The 7th International Conference on Material Strength and Applied Mechanics
(MSAM 2024)

Abstract: In order to improve the hot working plasticity of Inconel 718 superalloy, the electric-pulse current (EPC) was applied during tensile testing. The results show that EPC induces the decreasing of tensile flow stress and the improving of plasticity compared with that without EPC. The flow stress increases/decreases instantaneously with removing/recovering EPC during tensile testing. It is found that the thermal vibration of atom enhances leading to decreasing of Peierls stress with in-situ EPC, which is the essential factor on flow stress decrease. Although, with in-situ EPC, the γ′′ phases are induced to precipitate and then grow up, resulting in changing dislocation motion mode with γ′′ phase. And dynamic recrystallization has assisted on the alloy softening, which leads to flow stress decrease during deforming. EPC induces grain boundary strengthening at high temperature, the granular δ phases pin and enhance the grain boundary. The inside grain γ′′ phase is induced to transform to δ phase at high temperature. When the alloy deformed with EPC, both increasing of defect concentration and atom energy account for γ′′ phase growing up and δ phase precipitating on grain boundary in the alloy deformed with EPC.
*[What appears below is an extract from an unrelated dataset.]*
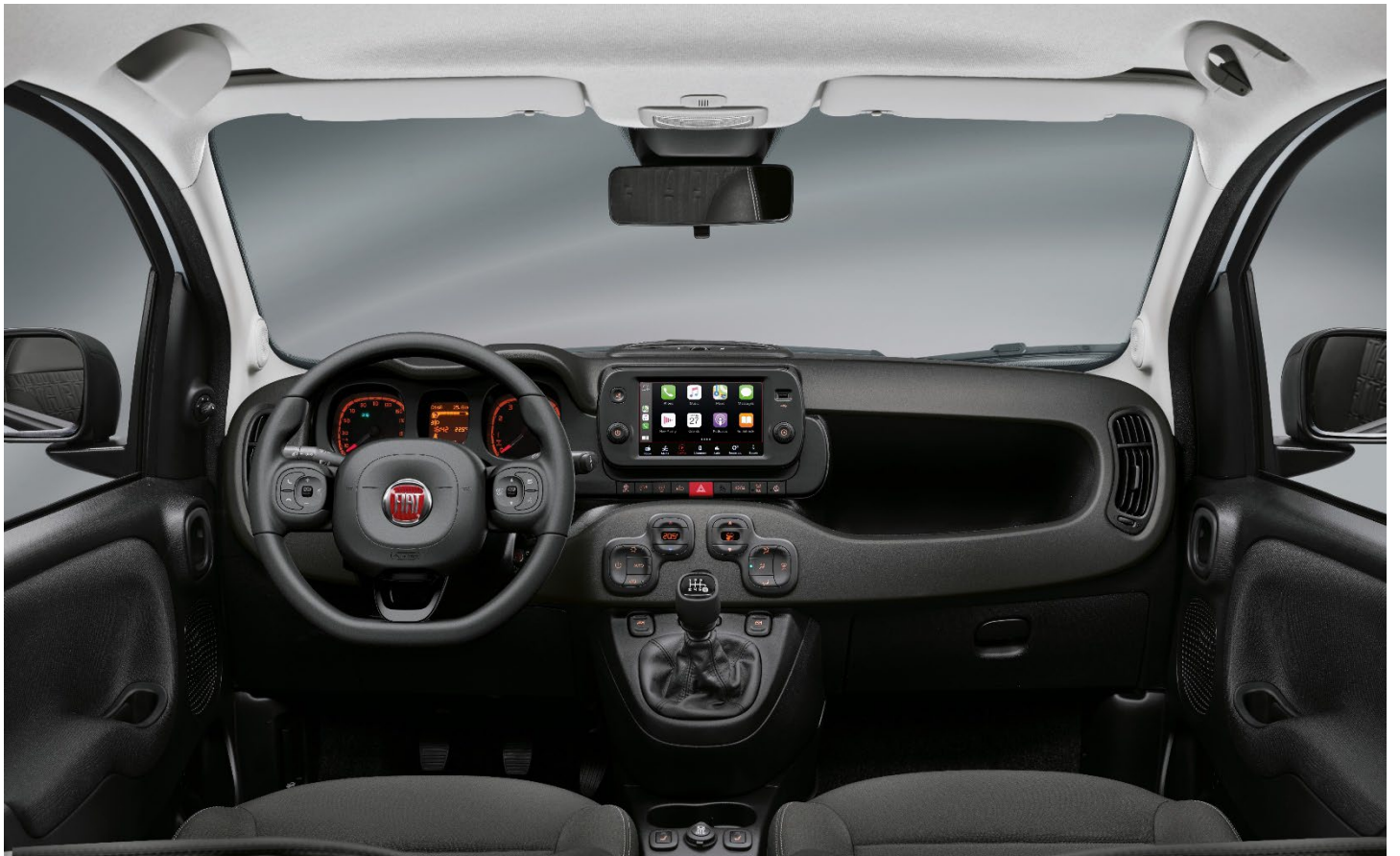
Pack City Life Plus / Cross
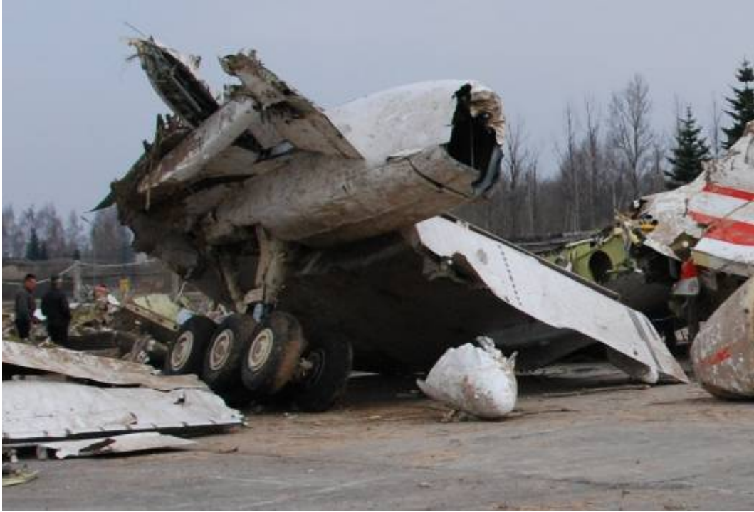
Rys.17. Krawędź spływu lewego skrzydła oraz lewe podwozie główne

However, when the Inconel 718 superalloy was aged with EPC primarily, then the tensile properties were examined at high temperature. It is found that the yield strength, the ultimate tensile strength and total elongation increase simultaneously of the alloy aged with EPC compared with normal aged. Compared with normal aged, γ′′ phases precipitate along dislocation in chain morphology and granular δ phases pin on the grain boundary in the alloy aged with EPC. The Joule heat effect enhances in the area with dislocation induced by EPC which leads to γ′′ phase nucleate and precipitate along dislocation. Vacancy concentration increase leads to yield strength increasing at the initial deforming. And the vacancies induces ultrafine nm-sized γ′′ phase to precipitate from γ matrix with a dense distribution during tension deformation at high temperature, which is the key factor on improving both strength and ductility.

Keywords: Electric pulse current, Deforming behavior, Inconel 718 superalloy, γ′′ phase, δ phasephase.

Biography: Prof. Lei Wang is currently a distinguished professor at Northeastern University (NEU), China. He has been director of institute of advanced material technology, NEU; vice president of Heat Treatment Society of China; an executive committee member of Materials Branch of Chinese Society of Mechanical Engineering; a visiting professor of IMR at Tohoku University, Japan. He was selected as Taishan Industry Leading Leader in 2018. Prof. Wang’s research focuses on the strengthening and toughening of advanced materials with microstructural controlling. He is also interested in the mechanical behavior of materials under dynamic loading and other environments. He has published more than 380 papers and 10 books.